### Aim of the exercise
Report all lines from the entries below in which "apenas" appears.

### Exercise input
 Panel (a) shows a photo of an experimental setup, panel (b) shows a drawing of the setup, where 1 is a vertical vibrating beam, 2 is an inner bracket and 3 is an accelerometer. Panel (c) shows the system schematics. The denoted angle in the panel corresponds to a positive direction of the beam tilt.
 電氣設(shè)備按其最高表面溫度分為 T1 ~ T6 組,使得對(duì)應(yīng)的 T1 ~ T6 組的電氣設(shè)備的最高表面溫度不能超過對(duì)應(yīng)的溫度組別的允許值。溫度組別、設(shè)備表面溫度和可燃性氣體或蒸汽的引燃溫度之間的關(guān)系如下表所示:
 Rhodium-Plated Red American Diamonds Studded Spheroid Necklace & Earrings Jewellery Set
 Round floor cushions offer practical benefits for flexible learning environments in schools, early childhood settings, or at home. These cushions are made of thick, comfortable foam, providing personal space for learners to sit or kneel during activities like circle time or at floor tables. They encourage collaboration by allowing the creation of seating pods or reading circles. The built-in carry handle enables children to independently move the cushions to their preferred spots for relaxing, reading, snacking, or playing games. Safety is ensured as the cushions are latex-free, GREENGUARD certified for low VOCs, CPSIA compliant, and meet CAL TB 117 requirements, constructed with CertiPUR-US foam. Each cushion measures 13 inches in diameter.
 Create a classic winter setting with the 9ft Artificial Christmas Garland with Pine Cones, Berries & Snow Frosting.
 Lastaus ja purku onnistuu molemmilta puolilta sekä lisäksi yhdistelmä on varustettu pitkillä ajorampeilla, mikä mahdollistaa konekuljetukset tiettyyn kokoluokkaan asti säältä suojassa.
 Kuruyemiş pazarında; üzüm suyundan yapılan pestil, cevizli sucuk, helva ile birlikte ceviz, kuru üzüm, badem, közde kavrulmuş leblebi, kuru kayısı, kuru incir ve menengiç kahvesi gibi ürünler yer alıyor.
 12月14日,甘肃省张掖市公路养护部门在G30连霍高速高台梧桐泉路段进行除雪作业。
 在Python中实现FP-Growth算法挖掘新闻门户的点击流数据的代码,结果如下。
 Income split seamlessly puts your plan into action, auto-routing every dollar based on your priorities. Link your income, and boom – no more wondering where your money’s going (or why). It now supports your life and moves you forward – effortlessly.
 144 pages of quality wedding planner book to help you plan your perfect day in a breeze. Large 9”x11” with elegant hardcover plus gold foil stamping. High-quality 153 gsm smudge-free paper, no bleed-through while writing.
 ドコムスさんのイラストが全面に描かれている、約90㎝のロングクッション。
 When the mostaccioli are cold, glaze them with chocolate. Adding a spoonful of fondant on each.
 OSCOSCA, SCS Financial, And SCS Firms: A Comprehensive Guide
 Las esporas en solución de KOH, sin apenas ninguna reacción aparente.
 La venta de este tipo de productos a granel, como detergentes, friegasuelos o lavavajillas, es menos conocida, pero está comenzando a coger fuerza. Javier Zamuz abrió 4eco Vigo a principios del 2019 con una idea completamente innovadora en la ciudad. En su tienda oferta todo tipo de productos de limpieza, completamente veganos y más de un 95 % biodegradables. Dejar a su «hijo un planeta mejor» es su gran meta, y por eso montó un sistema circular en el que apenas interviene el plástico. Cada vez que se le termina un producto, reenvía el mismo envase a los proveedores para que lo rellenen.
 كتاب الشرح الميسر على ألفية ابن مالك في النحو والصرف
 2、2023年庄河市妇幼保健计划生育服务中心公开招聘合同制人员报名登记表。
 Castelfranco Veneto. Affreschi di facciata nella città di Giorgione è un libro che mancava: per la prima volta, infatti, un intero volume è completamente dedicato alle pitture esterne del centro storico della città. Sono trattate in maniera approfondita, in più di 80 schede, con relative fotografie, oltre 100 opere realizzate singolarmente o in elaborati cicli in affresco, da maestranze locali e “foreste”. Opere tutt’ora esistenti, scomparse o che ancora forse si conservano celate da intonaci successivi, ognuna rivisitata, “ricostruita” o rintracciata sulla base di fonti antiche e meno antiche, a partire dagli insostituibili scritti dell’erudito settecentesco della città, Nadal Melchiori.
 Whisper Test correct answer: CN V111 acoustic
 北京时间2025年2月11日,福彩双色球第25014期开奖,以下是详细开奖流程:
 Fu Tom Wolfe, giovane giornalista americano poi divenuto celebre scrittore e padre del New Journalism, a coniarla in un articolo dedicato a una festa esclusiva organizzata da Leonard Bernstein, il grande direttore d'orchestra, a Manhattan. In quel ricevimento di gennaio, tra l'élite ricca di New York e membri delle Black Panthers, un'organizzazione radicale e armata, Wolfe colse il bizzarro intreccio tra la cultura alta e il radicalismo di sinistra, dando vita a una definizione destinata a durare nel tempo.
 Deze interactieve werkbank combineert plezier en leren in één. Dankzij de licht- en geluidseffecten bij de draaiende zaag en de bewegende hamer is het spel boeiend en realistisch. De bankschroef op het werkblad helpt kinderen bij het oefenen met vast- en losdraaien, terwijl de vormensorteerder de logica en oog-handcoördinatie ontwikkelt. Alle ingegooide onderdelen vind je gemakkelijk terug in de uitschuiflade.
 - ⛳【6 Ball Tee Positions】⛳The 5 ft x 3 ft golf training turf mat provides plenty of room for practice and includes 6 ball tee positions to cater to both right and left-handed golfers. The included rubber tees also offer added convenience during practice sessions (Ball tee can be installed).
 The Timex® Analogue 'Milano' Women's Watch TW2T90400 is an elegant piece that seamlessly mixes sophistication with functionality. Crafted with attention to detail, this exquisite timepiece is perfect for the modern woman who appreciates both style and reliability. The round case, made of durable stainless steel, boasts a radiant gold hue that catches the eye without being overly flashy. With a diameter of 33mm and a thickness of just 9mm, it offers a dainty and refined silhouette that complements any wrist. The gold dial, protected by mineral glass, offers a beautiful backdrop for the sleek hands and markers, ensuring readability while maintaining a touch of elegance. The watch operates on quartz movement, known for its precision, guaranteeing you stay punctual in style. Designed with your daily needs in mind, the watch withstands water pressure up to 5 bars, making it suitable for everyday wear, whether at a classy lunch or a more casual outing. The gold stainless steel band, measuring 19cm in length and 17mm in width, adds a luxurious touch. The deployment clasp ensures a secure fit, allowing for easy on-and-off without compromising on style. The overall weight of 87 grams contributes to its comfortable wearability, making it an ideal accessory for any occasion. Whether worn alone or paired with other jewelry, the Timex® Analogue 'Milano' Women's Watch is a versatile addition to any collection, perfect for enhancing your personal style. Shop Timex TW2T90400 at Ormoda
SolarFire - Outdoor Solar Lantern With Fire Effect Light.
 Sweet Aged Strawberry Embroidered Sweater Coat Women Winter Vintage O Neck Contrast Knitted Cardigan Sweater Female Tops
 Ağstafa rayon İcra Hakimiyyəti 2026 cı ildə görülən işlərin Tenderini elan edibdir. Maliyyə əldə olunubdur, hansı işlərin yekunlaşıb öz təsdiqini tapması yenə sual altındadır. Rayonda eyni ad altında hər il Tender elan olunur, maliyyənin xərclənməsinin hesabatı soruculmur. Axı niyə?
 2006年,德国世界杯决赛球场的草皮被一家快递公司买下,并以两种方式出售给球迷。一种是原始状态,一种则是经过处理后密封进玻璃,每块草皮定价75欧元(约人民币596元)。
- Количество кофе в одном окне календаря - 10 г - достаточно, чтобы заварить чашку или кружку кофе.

### Reply to the exercise
 Las esporas en solución de KOH, sin apenas ninguna reacción aparente.
 La venta de este tipo de productos a granel, como detergentes, friegasuelos o lavavajillas, es menos conocida, pero está comenzando a coger fuerza. Javier Zamuz abrió 4eco Vigo a principios del 2019 con una idea completamente innovadora en la ciudad. En su tienda oferta todo tipo de productos de limpieza, completamente veganos y más de un 95 % biodegradables. Dejar a su «hijo un planeta mejor» es su gran meta, y por eso montó un sistema circular en el que apenas interviene el plástico. Cada vez que se le termina un producto, reenvía el mismo envase a los proveedores para que lo rellenen.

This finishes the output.